Transparent City by Ondjaki translated by Stephen Henighan
But this isn’t only the story of Odonato and his family: it’s about the wide-ranging community that inhabits and/or visits the tower. The narrative flows like water from the Seashell Seller and his blind companion to the Mailman delivering the letters he’s written himself, pleading for the motorbike he needs to complete his rounds. It streams from corrupt tax inspectors to an investigative journalist to the businessmen seeking to extract underground oil. It trickles from a scientist visiting from America to tourists arriving to view the eclipse to the women peddling their wares on the pavement at the entrance to the building.
I didn’t find it as difficult as I expected to keep track of the numerous characters; nor was the eccentric rationing of capital letters and punctuation marks as distracting as I feared. While I’m sure I missed many of the nuances, I enjoyed this literary blend of satire, realism of magic realism. It’s both a welcome introduction to Angolan literature and a universal story of the evils of corporate greed. (On the day I finished reading it, the news featured another shameful episode in the saga of the Grenfell Tower fire. Yes, it’s not only in African countries where capitalism trumps public safety.) Thanks to UK publishers Europa editions for my advance proof copy.
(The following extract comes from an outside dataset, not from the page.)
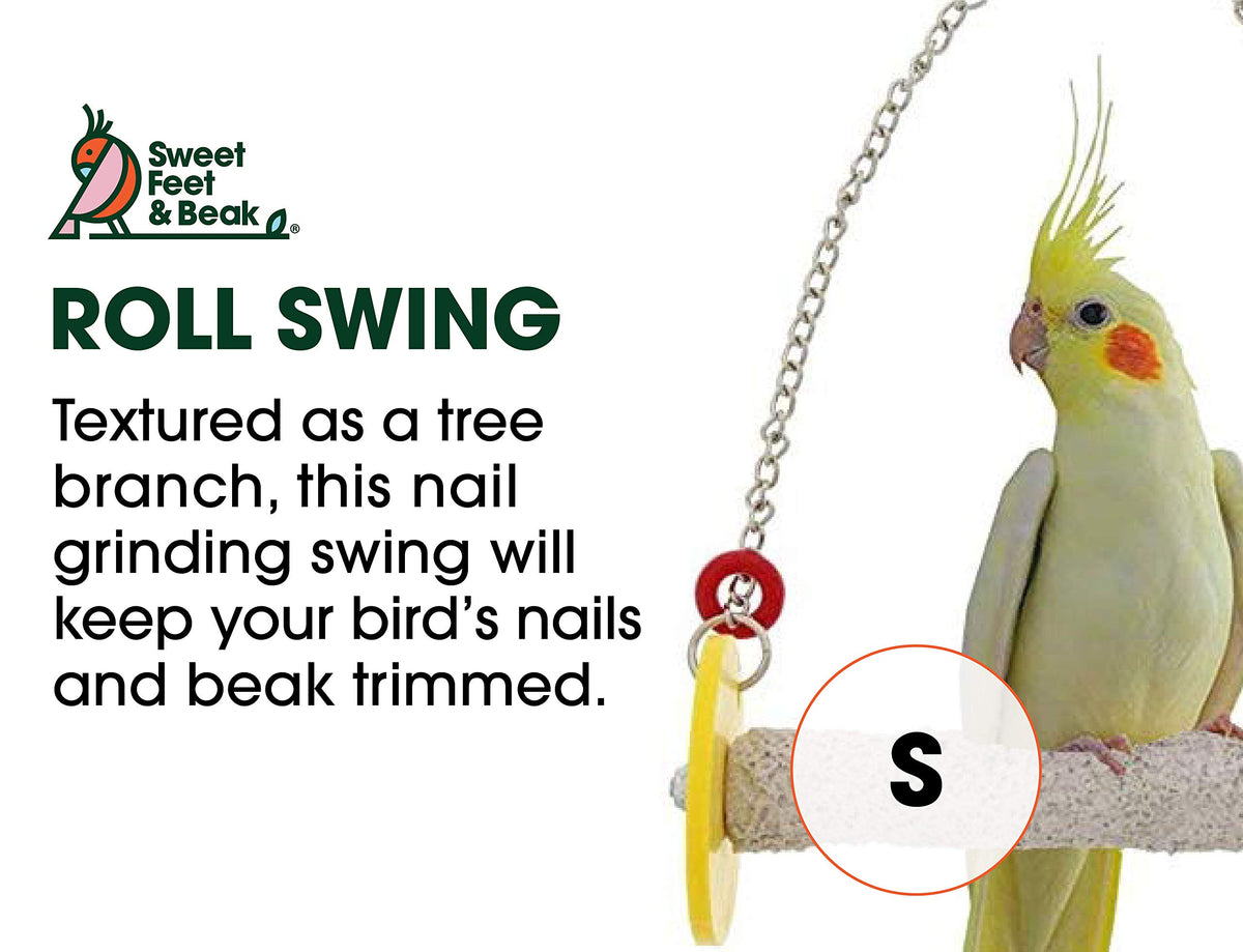 Sweet Feet And Beak Roll Bird Swing - Pumice Perch Bird Toys Trims Nails And Beaks, Safe And Non-Toxic Bird Cage Accessories For Small And Large Birds, Swinging Toys Birds Will Love, Small 7.5 Inches

Winter Flowers by Angélique Villeneuve translated by Adriana Hunter
I didn’t take to the voice initially: it read like a fanfare, heralding a momentous journey. But it settled - or I settled - into a lovely understated tone as the dynamics of small family shift to accommodate the third member. I really felt for Jeanne, the young mother. She’s worked long hours making artificial flowers to support herself and her daughter, and still she’s cold and half starved. Now there’s another mouth to feed, a man who is and isn’t the person she fell in love with not so many years before.
A moving novella about learning to live with loss and the consequences of war. Thanks to Peirene Press for my review copy.
Although she was born after it ended, the First World War impacts on my character, Matty, the quirky protagonist of my latest novel, Matilda Windsor Is Coming Home. She romanticizes her father, of whom she has no memory, as he died when she was a baby. Was he a war hero and why does it matter? As Matty has a fuzzy boundary between fantasy and reality, it might take some working out! |
“This devil’s yours, Sambo. Kraut won’t see you coming in the dark.”
The stallion had a malicious glint in its eyes, but the glint in the captain’s was meaner. Walter had never ridden before; Beauty had never seen action. But they’d learn; they had to: hesitant horses were dinner; the deserter’s fate was worse.
Patience paid off. Walter soothed Beauty’s nerves on the battlefield; Beauty eased Walter’s yearning for home. Gassed, shell-shocked and wounded, Walter returned to St Kitts to die. He left his medal with Beauty in Flanders. It belonged to the horse as much as to him.